The reason is that there are two transcripts for this snoRNA:

> tx <- transcriptsBy(TxDb.Mmusculus.UCSC.mm9.knownGene, "gene")
> tx["100217439"]
GRangesList object of length 1:
$100217439
GRanges object with 2 ranges and 2 metadata columns:
      seqnames               ranges strand |     tx_id     tx_name
         <Rle>            <IRanges>  <Rle> | <integer> <character>
  [1]    chr19 [25016728, 25016781]      - |     52655  uc012bjt.1
  [2]    chr19 [60850233, 60850288]      - |     53038  uc012bog.1

And usually a gene spans the extent of all the transcripts. In other words, for a translated gene, you can pretty much just go from the smallest genomic position to the largest, and be assured you have captured the entirety of the gene. And since all the transcripts are in pretty much the same place, this makes sense.
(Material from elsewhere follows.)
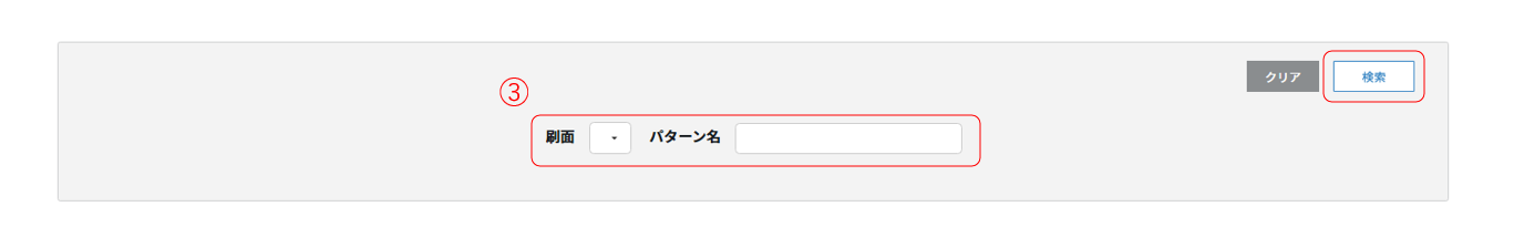 ①ホーム画面の「管理メニューを見る」アイコンをクリックします。 ②「パターン管理(名刺)」をクリックします。 ③パターン一覧(名刺)の画面が表示されますので、「刷面」「パターン名」を入力し、 「検索する」をクリックします。 ※「刷面」「パターン名」を入力しない場合は、全件表示されます。

But with untranslated content where there usually aren't any exons, this breaks down.

I would bet there are other edge cases like this, and they are likely to proliferate as we discover more of these short untranslated RNAs. How to reliably determine the start and stop for a gene looks to be getting pretty complicated.